The German newspaper Die Zeit writes that Germany won’t be able to meet its emissions reduction target of 40 percent below 1990 levels by 2020. Currently, the country has only reduced emissions 23.8 percent below 1990 levels.
The “German government wanted to decrease the emissions of CO2 — also through the transition to renewable energy,” writes Die Zeit. “However our chart shows the opposite is the case. Greenhouse gas emissions have been increasing for three years in Germany, 1.2 percent for last year.”
In 2009, Germany emitted 913 million metric tons of carbon dioxide, mainly due to a lagging economy from the global financial crisis. Last year, the country emitted 951 million metric tons of carbon dioxide despite spending about $138 billion to go green in the last decade.
What’s causing the rise in carbon dioxide emissions?

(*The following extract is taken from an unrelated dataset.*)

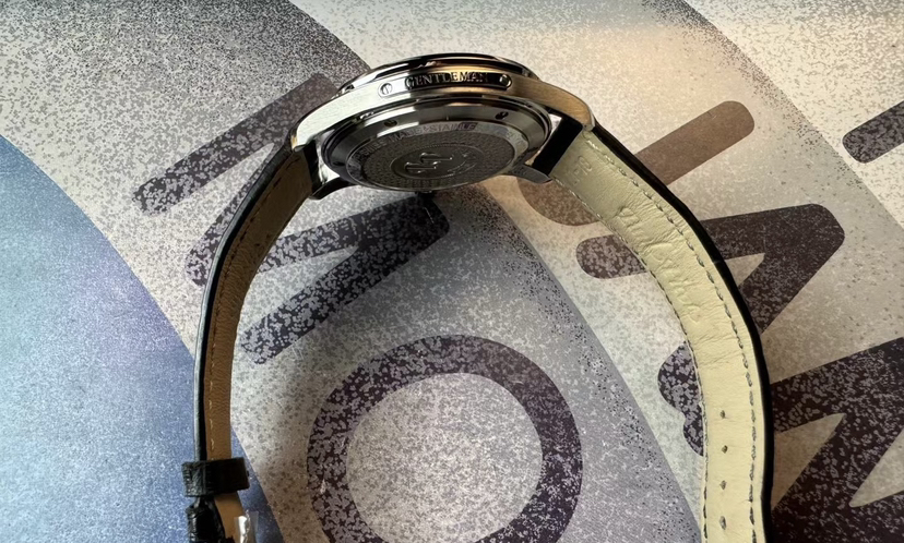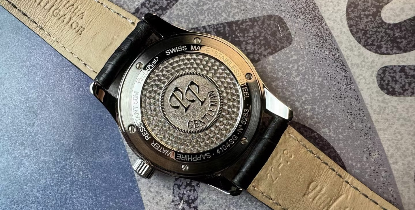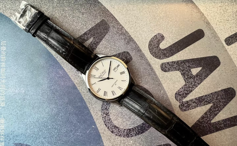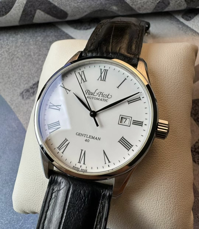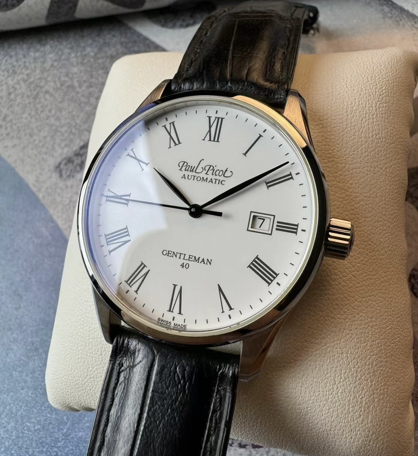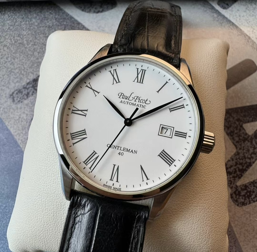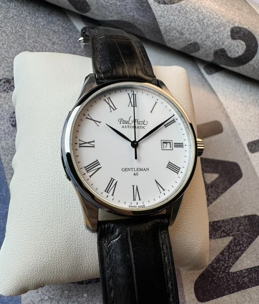 柏高绅士系列梦想家机械腕表,表径40毫米,厚10毫米,平面防眩目蓝宝石镜面,瓷白色盘面,黑色罗马文刻度,黑色柳叶形指针,3点日历,旋入式表冠,搭载calibre pp1420机芯,后盖精致鱼鳞纹,黑色鳄鱼皮表带,全部原装,近新成色,走时天文台级别,单表

Coal power, according to Die Zeit. The newspaper writes that “CO2 emissions continue to rise as more and more coal and lignite power stations” are brought online and natural gas plants remain uneconomical to operate.
German power prices have been driven to three times what they are in the U.S. and 50 percent higher than the rest of Europe because of green energy tariffs. In order to meet its emission reduction targets, Germany has been taxing businesses and households to subsidize green energy sources, like wind and solar.
But the tax to fund green energy has been increasing rapidly, more than fivefold since 2009 — costing Germans $26 billion last year alone. German industries have also been hit hard with rising power costs and are pushing for reform.
The German government is now looking to reform the green energy law that has caused energy prices to spike. The German cabinet approved amendments to the country’s green law on Tuesday that would contain rising energy costs, reports the Wall Street Journal.
But energy analysts are wary that the amendments don’t go far enough to curb rising energy costs. The reform would still exempt many of the same energy-intensive industries from green taxes as it did before, meaning German households would still bear most of the cost of going green.
“Germany says the exemptions are crucial to keeping its energy-intensive industries competitive, but Brussels fears that too many businesses might have benefited from what it considers state aid,” the WSJ reports. “While the exemptions originally focused on such sectors as steel and machinery engineering, they were later expanded to include less obvious beneficiaries, such as railway operators.”
Germany’s energy and economics minister Sigmar Gabriel said the number of exempted companies was reduce to from 2,000 to about 1,600, and that companies that previously benefited from exemptions have to pay 20 percent of the green tax going forward.